◆ Exercise requirements: In the records below, reproduce exactly the lines from the one containing "Coxae white; pedicel" through the one containing "В результаті і", both included, and omit the pictures.

◆ Source material:
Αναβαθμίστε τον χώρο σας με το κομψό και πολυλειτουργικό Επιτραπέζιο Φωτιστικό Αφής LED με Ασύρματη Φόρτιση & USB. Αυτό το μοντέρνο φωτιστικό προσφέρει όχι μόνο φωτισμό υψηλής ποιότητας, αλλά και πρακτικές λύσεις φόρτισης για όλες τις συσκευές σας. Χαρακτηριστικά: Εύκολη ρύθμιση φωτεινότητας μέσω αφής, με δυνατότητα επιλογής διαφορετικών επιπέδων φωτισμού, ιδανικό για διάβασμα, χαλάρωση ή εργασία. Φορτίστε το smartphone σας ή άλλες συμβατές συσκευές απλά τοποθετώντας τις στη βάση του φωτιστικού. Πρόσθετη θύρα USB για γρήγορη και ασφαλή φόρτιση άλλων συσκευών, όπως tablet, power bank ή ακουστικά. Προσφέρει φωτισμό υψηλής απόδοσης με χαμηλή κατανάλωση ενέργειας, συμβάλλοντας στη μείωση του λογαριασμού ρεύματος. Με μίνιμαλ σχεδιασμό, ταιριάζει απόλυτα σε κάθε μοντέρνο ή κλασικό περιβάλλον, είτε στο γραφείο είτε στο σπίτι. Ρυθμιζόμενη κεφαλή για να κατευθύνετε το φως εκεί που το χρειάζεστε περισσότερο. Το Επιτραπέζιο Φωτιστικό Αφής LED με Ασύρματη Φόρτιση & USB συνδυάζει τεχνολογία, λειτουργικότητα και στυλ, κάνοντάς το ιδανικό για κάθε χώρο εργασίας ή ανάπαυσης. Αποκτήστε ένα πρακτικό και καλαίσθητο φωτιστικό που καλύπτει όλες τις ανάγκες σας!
* * *
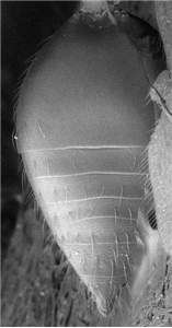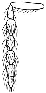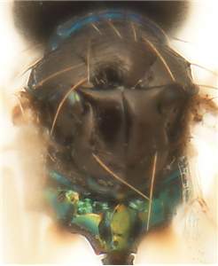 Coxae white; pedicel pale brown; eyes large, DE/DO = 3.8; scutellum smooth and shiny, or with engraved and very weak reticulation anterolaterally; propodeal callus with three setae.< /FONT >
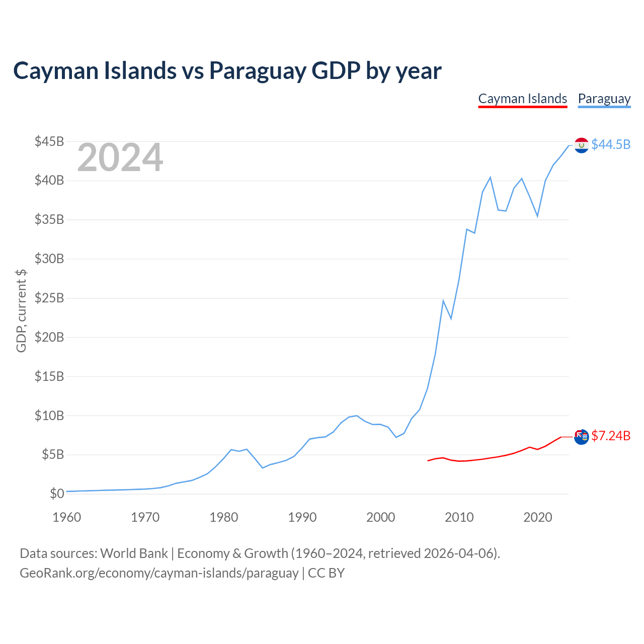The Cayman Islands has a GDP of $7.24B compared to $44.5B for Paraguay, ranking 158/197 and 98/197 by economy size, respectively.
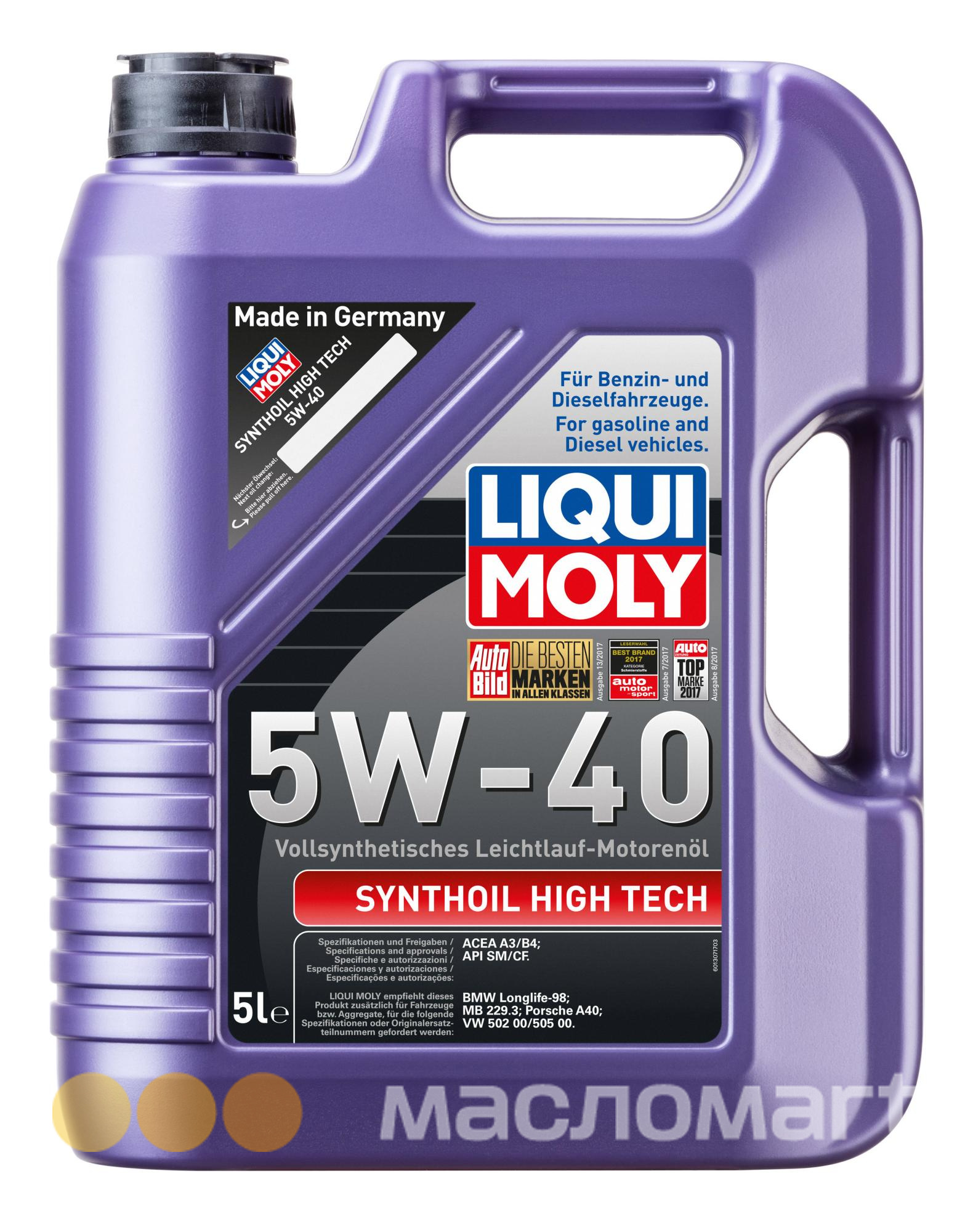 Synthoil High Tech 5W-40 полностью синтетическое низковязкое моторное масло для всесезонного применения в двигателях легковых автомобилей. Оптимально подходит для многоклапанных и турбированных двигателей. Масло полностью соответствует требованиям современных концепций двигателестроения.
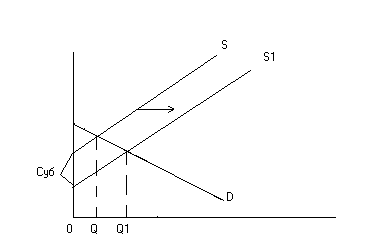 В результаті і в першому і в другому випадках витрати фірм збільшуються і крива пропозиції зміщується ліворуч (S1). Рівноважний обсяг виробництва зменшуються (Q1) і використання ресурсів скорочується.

◆ Result for this exercise:
 Coxae white; pedicel pale brown; eyes large, DE/DO = 3.8; scutellum smooth and shiny, or with engraved and very weak reticulation anterolaterally; propodeal callus with three setae.< /FONT >
The Cayman Islands has a GDP of $7.24B compared to $44.5B for Paraguay, ranking 158/197 and 98/197 by economy size, respectively.
 Synthoil High Tech 5W-40 полностью синтетическое низковязкое моторное масло для всесезонного применения в двигателях легковых автомобилей. Оптимально подходит для многоклапанных и турбированных двигателей. Масло полностью соответствует требованиям современных концепций двигателестроения.
 В результаті і в першому і в другому випадках витрати фірм збільшуються і крива пропозиції зміщується ліворуч (S1). Рівноважний обсяг виробництва зменшуються (Q1) і використання ресурсів скорочується.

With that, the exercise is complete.